Summary of the Morrow's Meditation
We will meditate tomorrow upon the love of Jesus towards us, and we shall see: 1st, how unworthy we were of it; 2nd, to what an extent He has loved us, spite of our unworthiness. We will then make the resolution: 1st, often to protest to Our Lord, by fervent acts of love, that we love Him, and that we desire to love Him always more and more; 2nd, to offer Him the homage of all our actions, of all that we have, and of all that we are, not wishing to do anything but for Him, to possess nothing except for Him, and to see only Him in the persons whom we love. Our spiritual nosegay shall be the words of St. John: "Let us love God, because God hath first loved us" (I. John iv. 19).
Meditation for the Morning
Let us adore Jesus Christ as the passionate lover of our souls, who carried love for us to its very last excess (Ephes. ii. 4); who made for us all that exists, sacrificed Himself, spent Himself entirely for us. Let us render Him all the homage of which our heart is capable.
FIRST POINT
How Unworthy we were of the Love of Jesus Christ.
O my God, if it be true that love is greater in proportion as it sets forth from the loftiest summit and descends to the lowest abyss, how unworthy, then, was I to be loved by Thee! When I contemplate Thee in the highest heavens, where Thou dost reign; when I gaze at the vast extent of the firmament which Thou hast set forth as a magnificent tent above my head, and the countless stars Thou hast sown therein, even as the laborer sows seed in his field, and the whole universe, which was for Thee but as the playing of Thy fingers, I fall down abased and confused in the presence of so much greatness. When I tell myself that all the nations are in Thy presence as though they were not, that with three of Thy fingers Thou dost sustain the globe and balance the mountains, that Thou dost send the thunder, and it goes, and on its return it says, Behold me (Baruch iii.), I cannot overcome my astonishment that a God so great should lower His affections to me, and that He should will to love me, I who am so infinitely below Him. O prodigy which will be the astonishment of the heavens during all eternity! and what am I, then, that I should be loved by so lofty a majesty? I am a worm of the earth, crawling in the dust of this lower world; a nothingness which lives only by means of a borrowed existence; less still than that, a sinner by origin, a child of wrath by nature; less than that even, a sinner by malice, an abyss of misery and corruption, capable of all evil, if grace does not hold me back; and a God so great, so holy, loves a creature so vile in every respect; a God who is an abyss of majesty, of greatness, of independence, loves a rebel nothingness, an abyss of baseness, of indigence, and of sin! O love which dost bring distances together, which triumphs over contrasts! And even this is not all. Jesus Christ completely foresaw that we should respond to His love only by coldness, by the indifference which does not care for it, by the ingratitude which thinks of it without being thankful, by other sins which crucify Him afresh, and spite of these He has loved us so much. O mystery of love!
SECOND POINT
How Jesus Christ has Loved us Spite of our Unworthiness.
He has loved us:
With an anticipated love which dates from all eternity (Jer. xxxi. 3), and which is anterior to all merit on our part;
With a gratuitous love: He possessed in Himself the plenitude of all good, and without any self-interest on His part, without any merit on our part, He conceived for us a love of preference which made Him go and seek us from out of nothingness, choose us out of a number of possible creatures who would have made a better use of existence than we have done, amongst so many millions of infidels to make of us Christians, amongst so many millions of Christians to make of us Catholics, and amongst so many millions of Catholics to surround us with special graces of salvation.
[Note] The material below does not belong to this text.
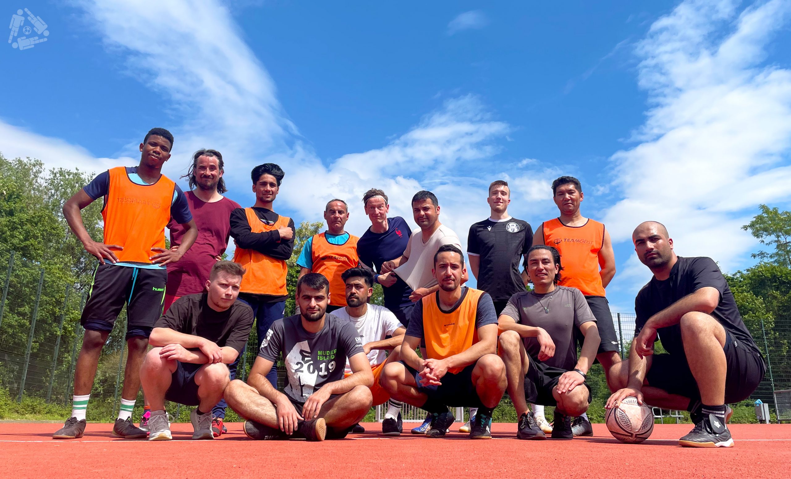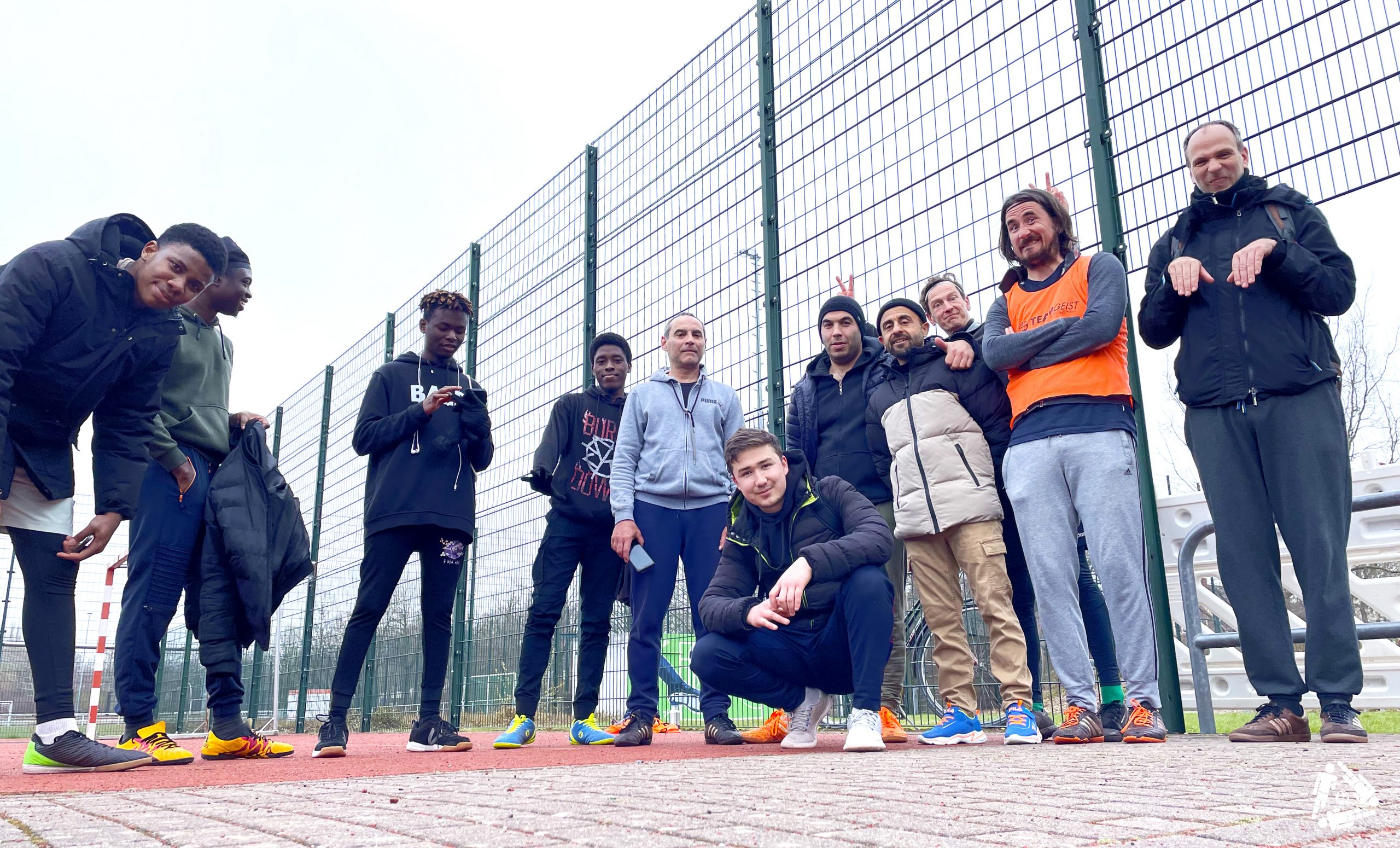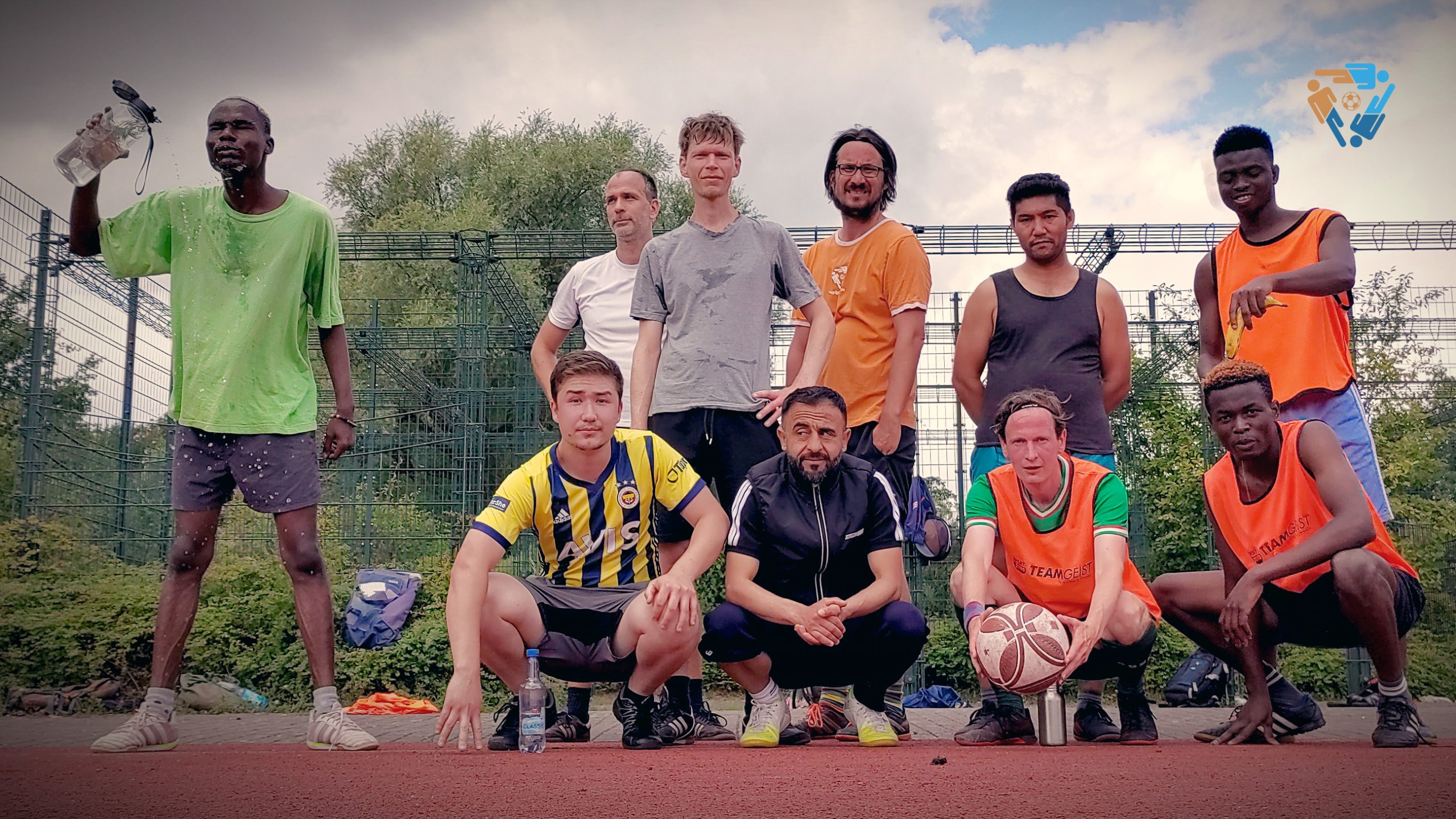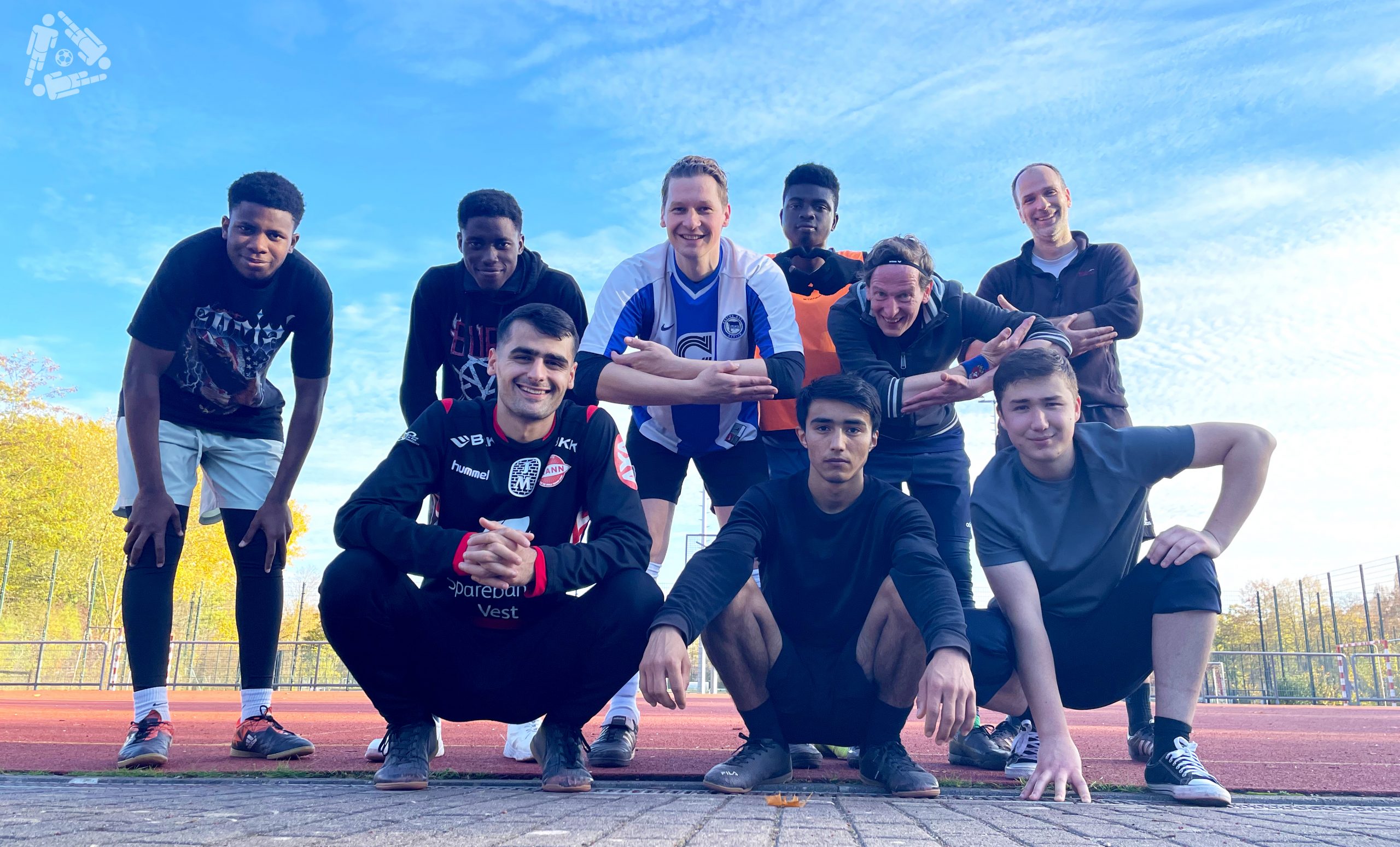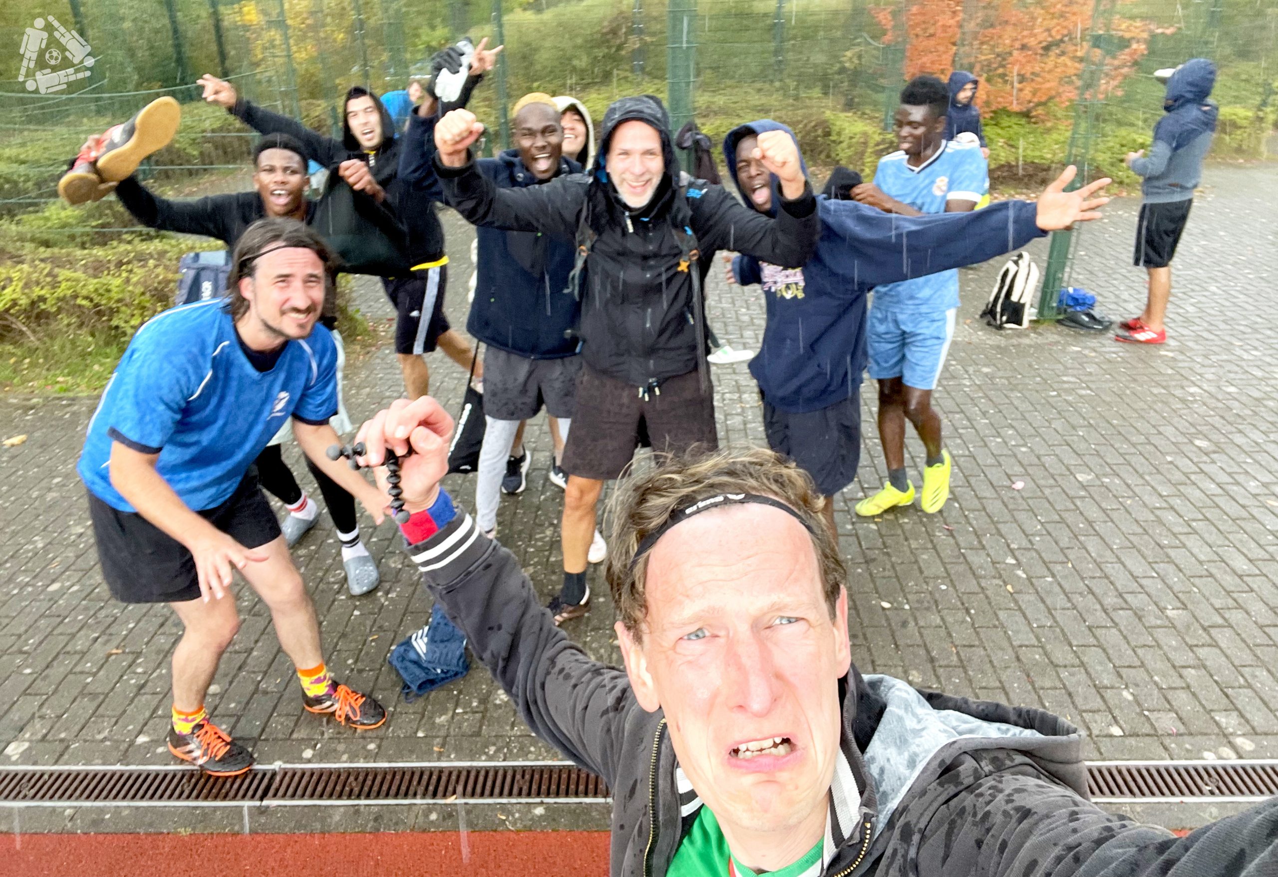 Momentan kommen Samstags immer so drei Mannschaften zusammen. Zum abschließenden #Kopfgrätsche-Foto-Termin sind dann nur noch die auf dem Bild, die am längsten durchhalten. Und der Typ, der schon am Spielfeldrand rumgammelt.

With an infinite love. We should here have to traverse a whole world of miracles; and heaven and earth, and the order of nature and the order of grace, all is full of the love of our God, all cries out to us to love Him. Amongst so many marvels, the crib, the cross, the altar, cry out louder than all the rest, Behold how Jesus Christ has loved us! Let us listen to these voices in the silence of our soul, and let us respond to them by all the ardor of love.
Resolutions and spiritual nosegay as above.